Given data>

______

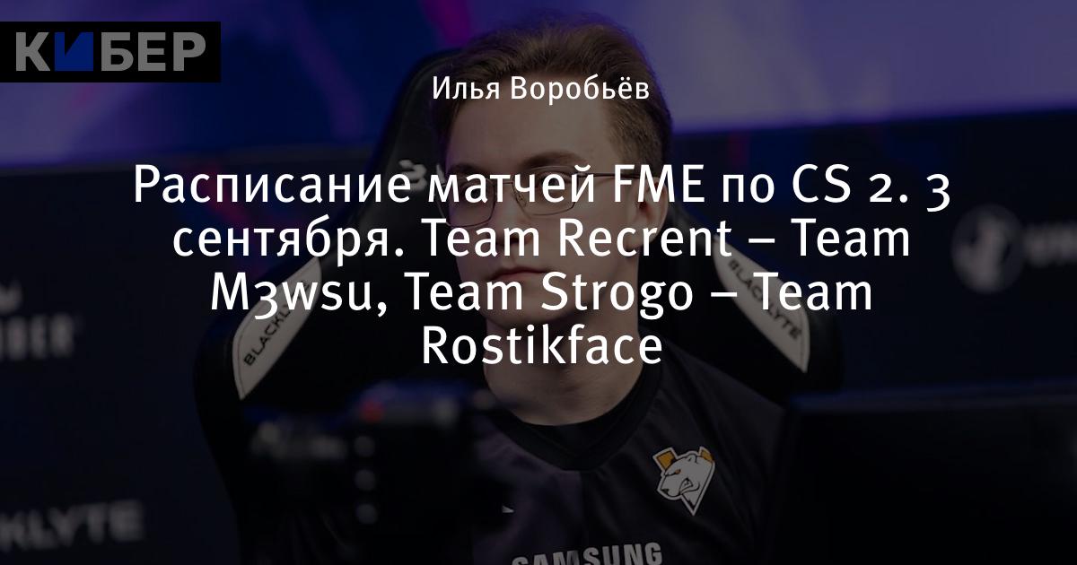 Расписание матчей FME по CS 2. 3 сентября. Team Recrent – Team M3wsu, Team Strogo – Team Rostikface
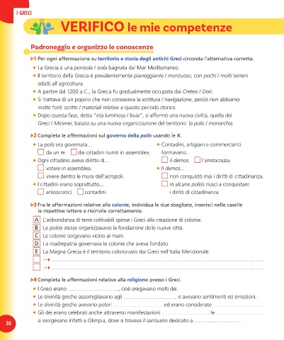 1 Per ogni affermazione su territorio e storia degli antichi Greci circonda l’alternativa corretta.
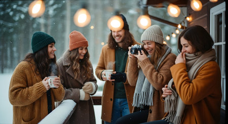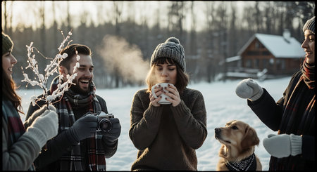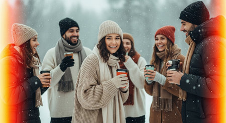A group of friends enjoying hot beverages in a snowy landscape, dressed in winter clothing, smiling and laughing together
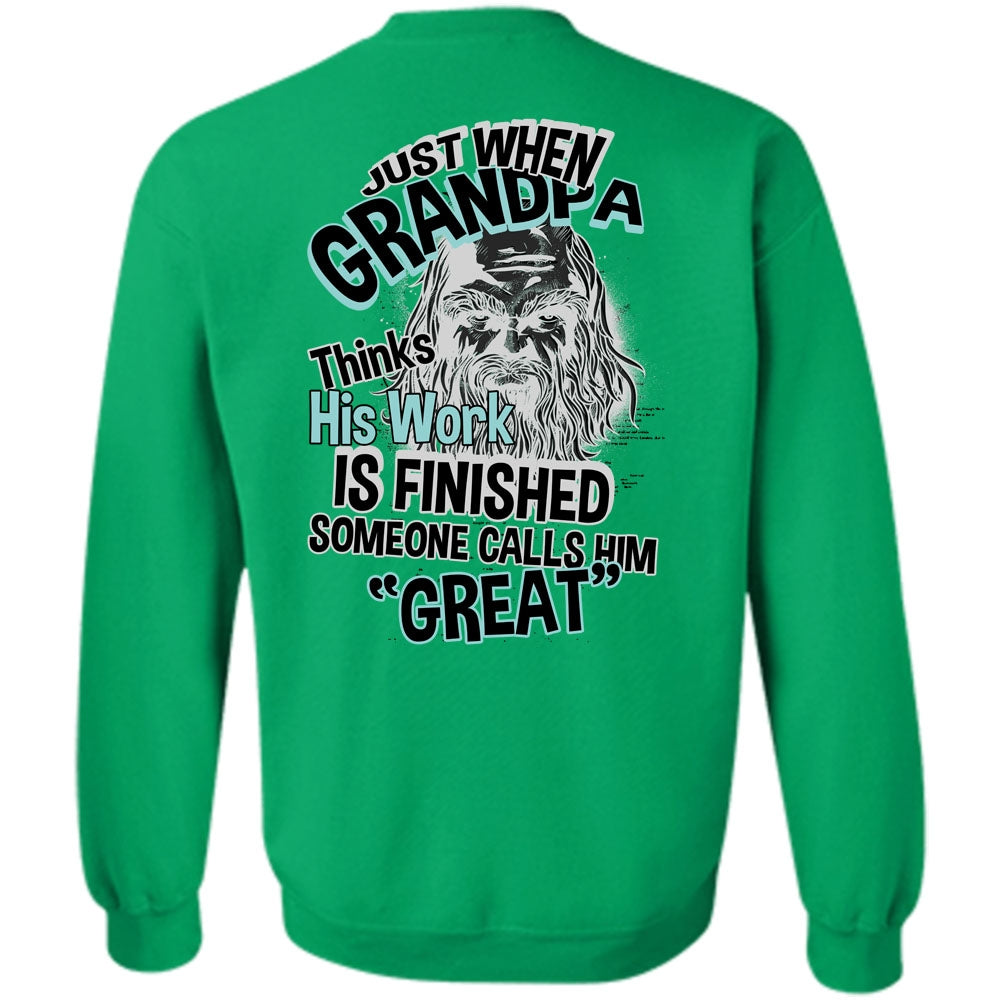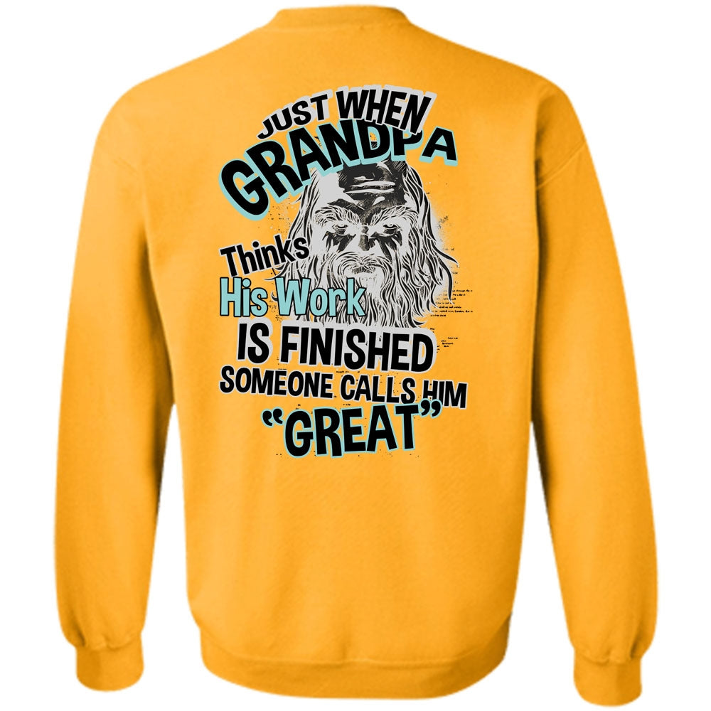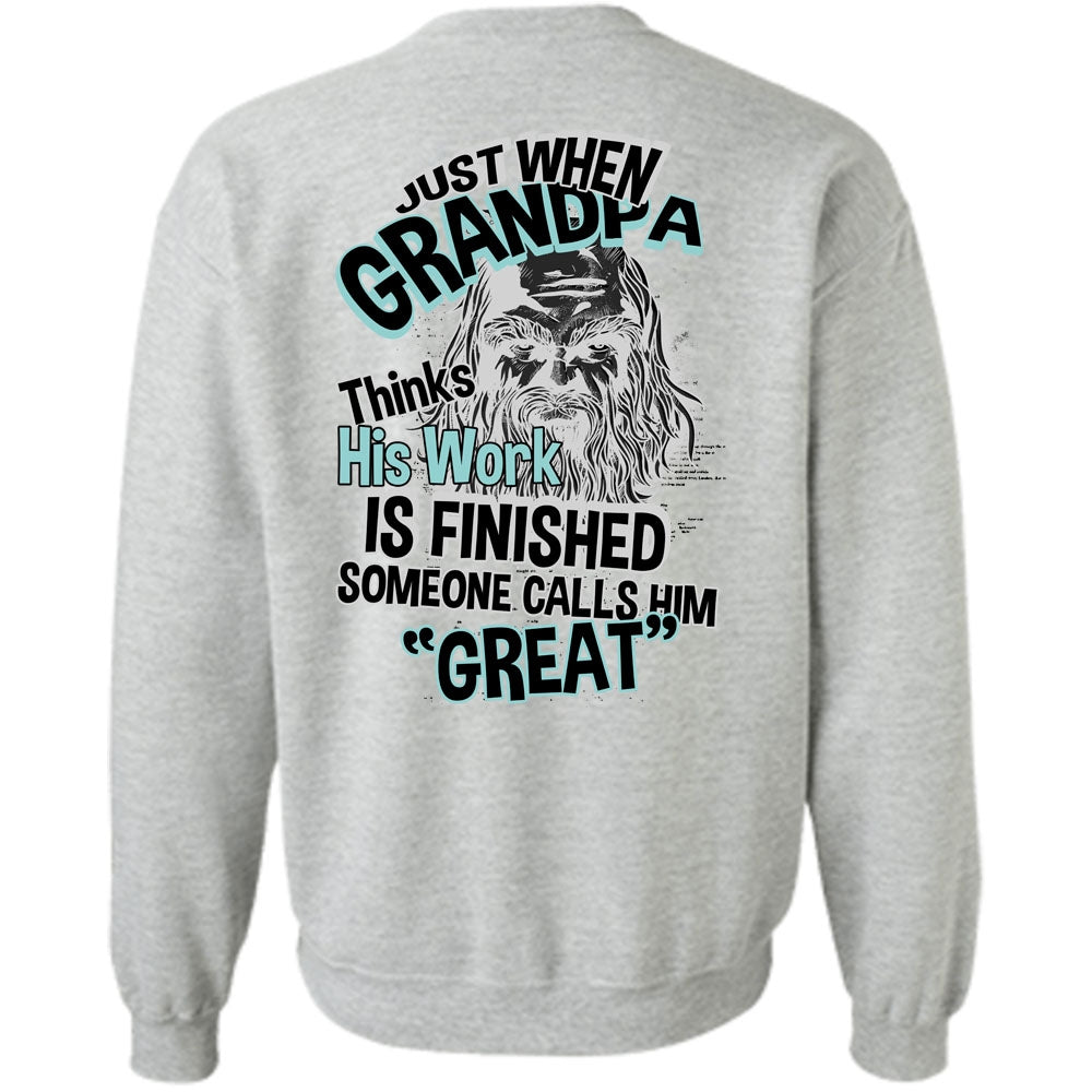 I Love Grandpa T Shirt, Grandpa Thinks His Work Is Finished Sweatshirt

______

Exercise brief> Retype the lines starting with the one that holds "1 Per ogni affermazione" and ending with the last line of the data above, both included; skip the pictures.

Solution>
 1 Per ogni affermazione su territorio e storia degli antichi Greci circonda l’alternativa corretta.
A group of friends enjoying hot beverages in a snowy landscape, dressed in winter clothing, smiling and laughing together
 I Love Grandpa T Shirt, Grandpa Thinks His Work Is Finished Sweatshirt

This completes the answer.